Segment Start: The records
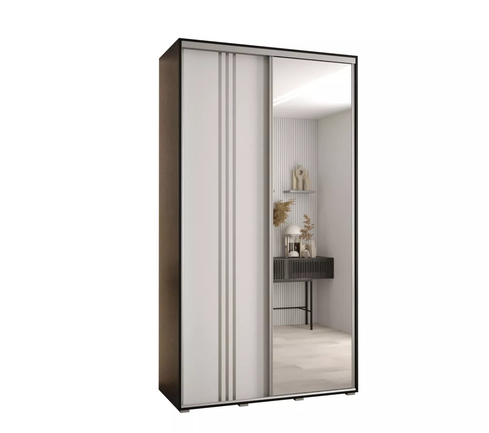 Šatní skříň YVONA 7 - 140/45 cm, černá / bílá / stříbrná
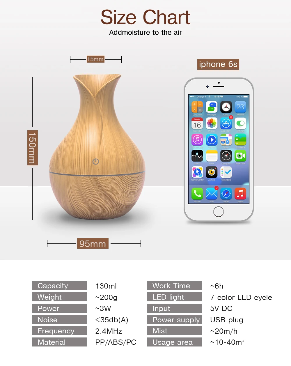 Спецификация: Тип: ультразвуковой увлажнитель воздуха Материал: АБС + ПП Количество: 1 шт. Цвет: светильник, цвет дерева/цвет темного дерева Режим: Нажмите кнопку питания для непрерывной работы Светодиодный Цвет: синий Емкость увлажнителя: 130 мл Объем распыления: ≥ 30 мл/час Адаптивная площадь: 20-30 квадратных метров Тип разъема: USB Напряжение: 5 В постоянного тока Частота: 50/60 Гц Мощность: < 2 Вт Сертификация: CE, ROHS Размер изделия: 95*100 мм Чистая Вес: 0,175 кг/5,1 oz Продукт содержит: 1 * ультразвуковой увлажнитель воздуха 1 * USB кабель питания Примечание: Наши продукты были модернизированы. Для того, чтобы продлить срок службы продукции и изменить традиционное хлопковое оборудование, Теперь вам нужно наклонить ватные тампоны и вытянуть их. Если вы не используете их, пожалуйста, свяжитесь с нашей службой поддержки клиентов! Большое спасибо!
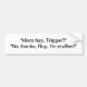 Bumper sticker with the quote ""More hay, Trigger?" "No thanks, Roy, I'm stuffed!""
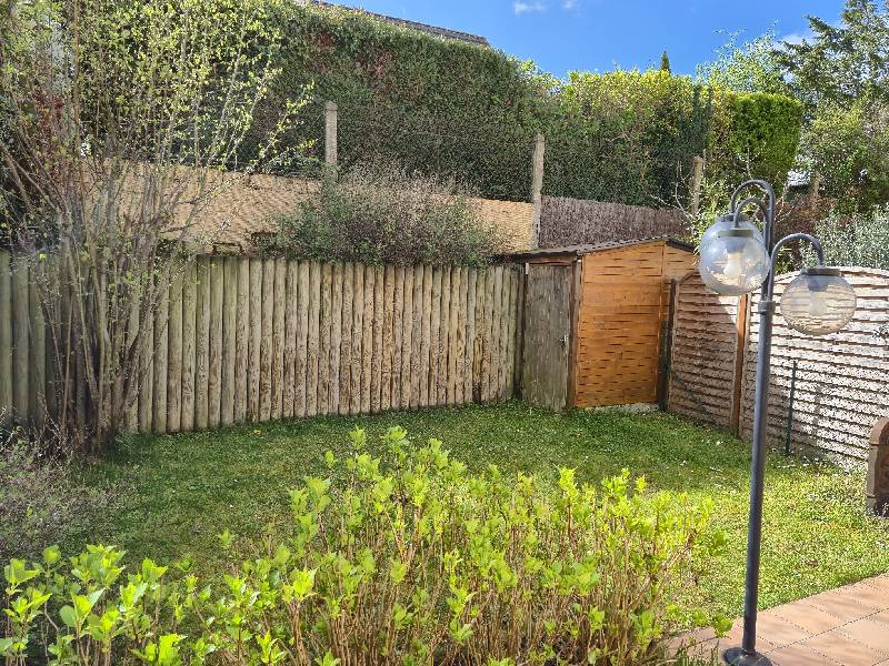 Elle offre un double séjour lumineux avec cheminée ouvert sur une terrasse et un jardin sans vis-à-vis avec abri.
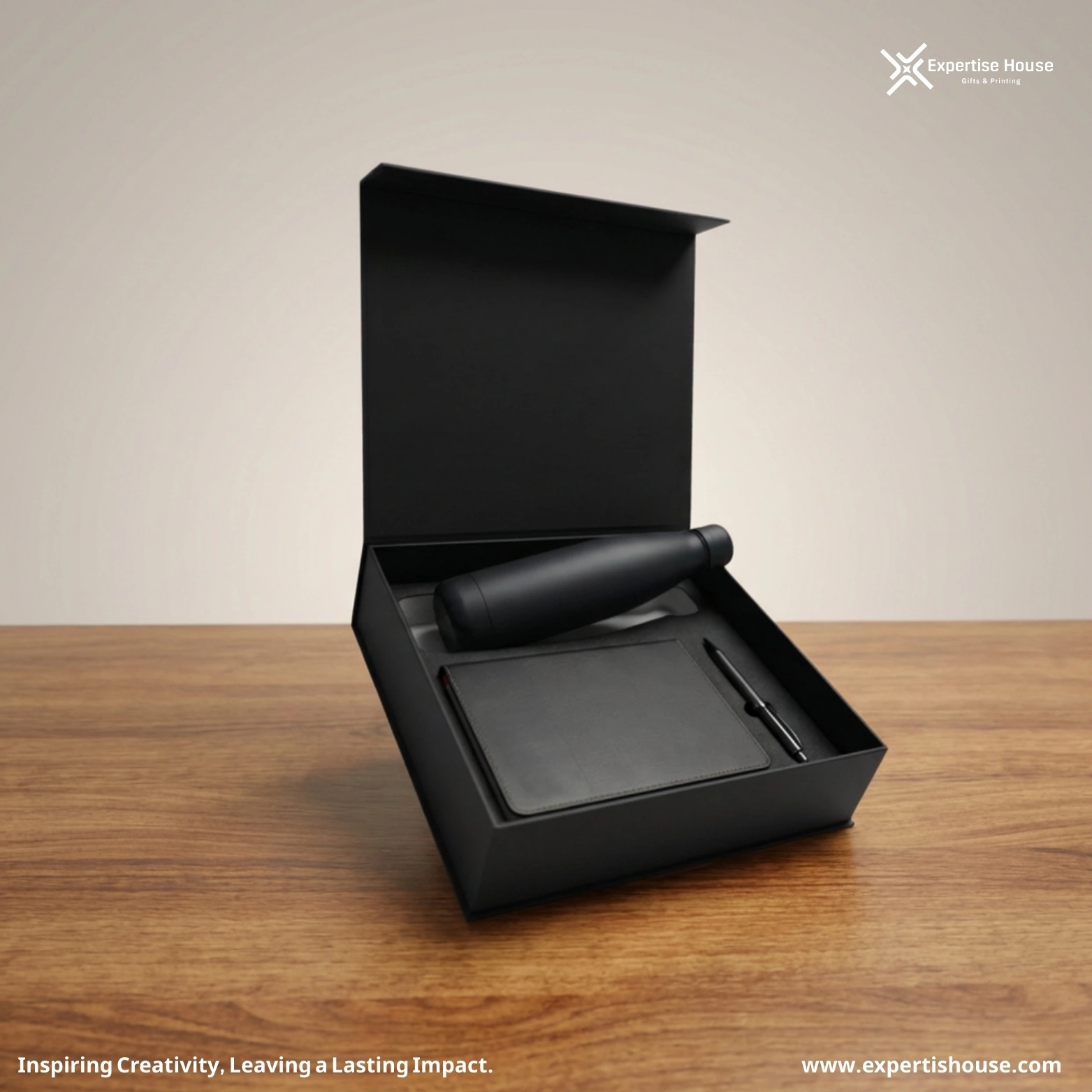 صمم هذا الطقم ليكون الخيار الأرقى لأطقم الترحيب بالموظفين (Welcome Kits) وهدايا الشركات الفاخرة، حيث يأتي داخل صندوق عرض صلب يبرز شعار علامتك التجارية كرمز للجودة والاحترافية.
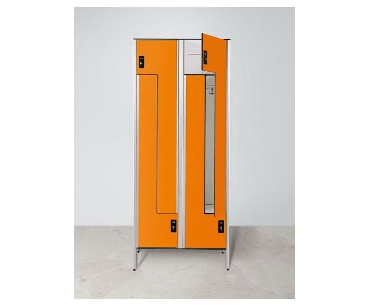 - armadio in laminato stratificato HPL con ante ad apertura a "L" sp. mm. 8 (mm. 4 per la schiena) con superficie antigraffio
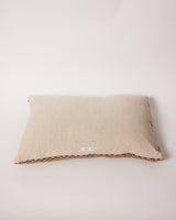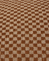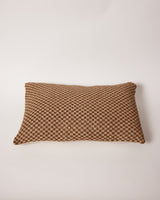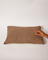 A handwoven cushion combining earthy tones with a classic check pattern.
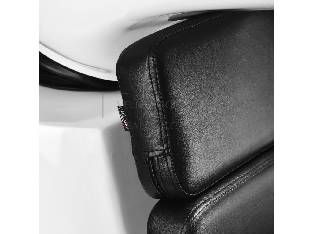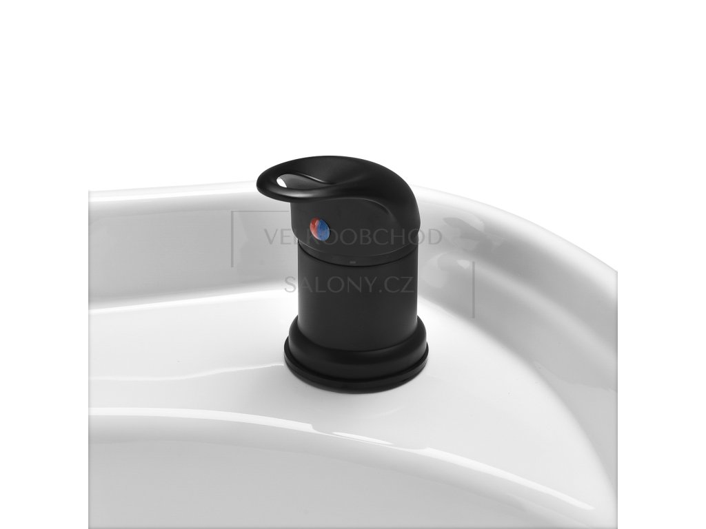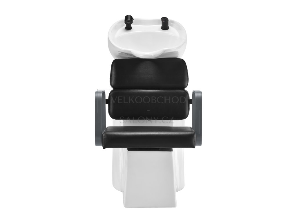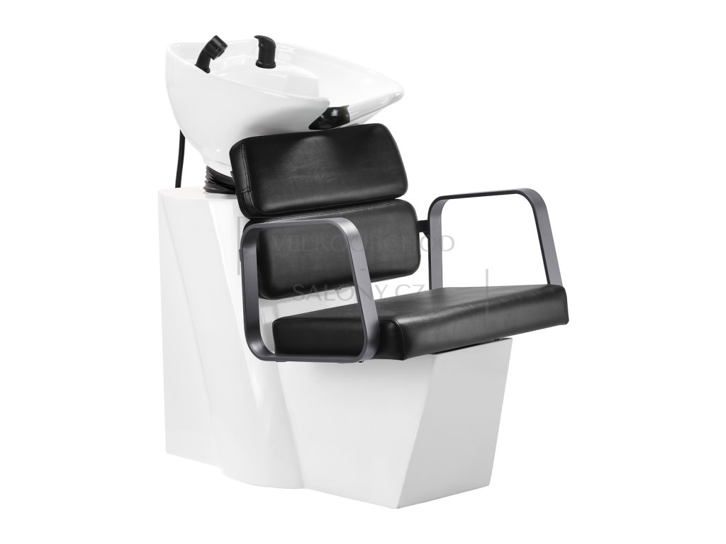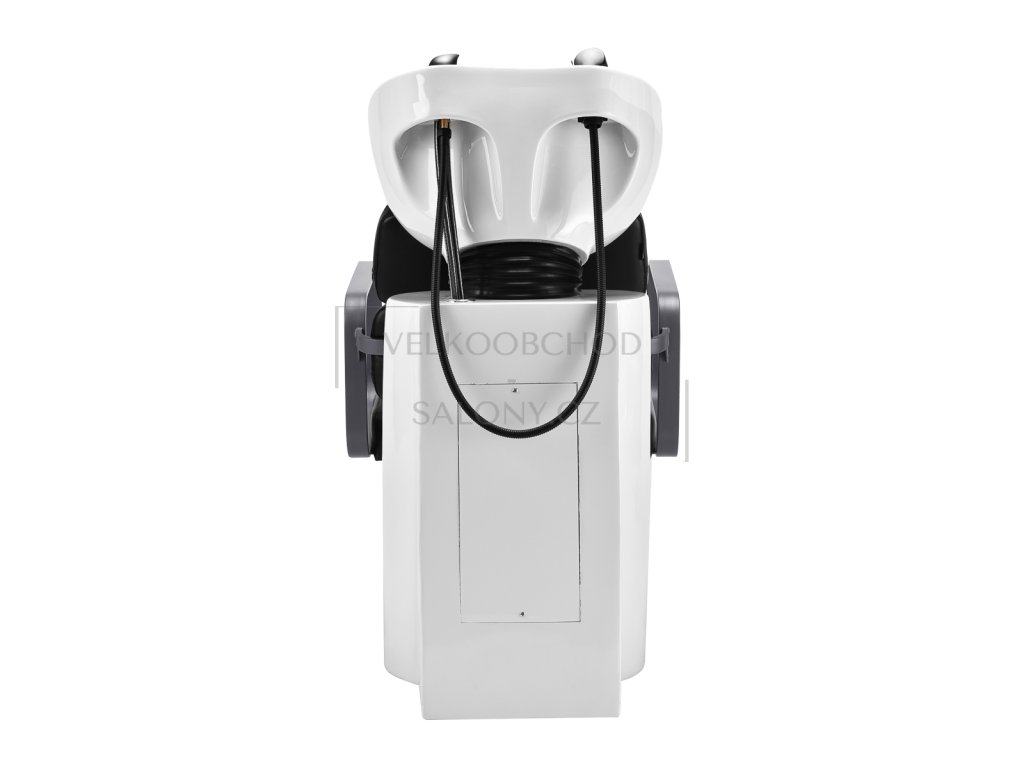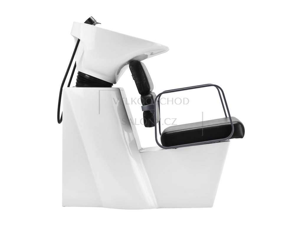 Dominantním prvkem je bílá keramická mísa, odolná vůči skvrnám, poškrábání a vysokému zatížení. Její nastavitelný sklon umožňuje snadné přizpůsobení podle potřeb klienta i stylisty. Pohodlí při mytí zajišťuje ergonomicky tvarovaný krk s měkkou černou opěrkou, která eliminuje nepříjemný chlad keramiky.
Segment End: The records
* **What you are asked to do**: All that belongs in the answer is the lines from the line with "Elle offre un" through the closing line of the entries, inclusive, transcribed exactly and free of pictures.

* **Exercise result**:
 Elle offre un double séjour lumineux avec cheminée ouvert sur une terrasse et un jardin sans vis-à-vis avec abri.
 صمم هذا الطقم ليكون الخيار الأرقى لأطقم الترحيب بالموظفين (Welcome Kits) وهدايا الشركات الفاخرة، حيث يأتي داخل صندوق عرض صلب يبرز شعار علامتك التجارية كرمز للجودة والاحترافية.
 - armadio in laminato stratificato HPL con ante ad apertura a "L" sp. mm. 8 (mm. 4 per la schiena) con superficie antigraffio
 A handwoven cushion combining earthy tones with a classic check pattern.
 Dominantním prvkem je bílá keramická mísa, odolná vůči skvrnám, poškrábání a vysokému zatížení. Její nastavitelný sklon umožňuje snadné přizpůsobení podle potřeb klienta i stylisty. Pohodlí při mytí zajišťuje ergonomicky tvarovaný krk s měkkou černou opěrkou, která eliminuje nepříjemný chlad keramiky.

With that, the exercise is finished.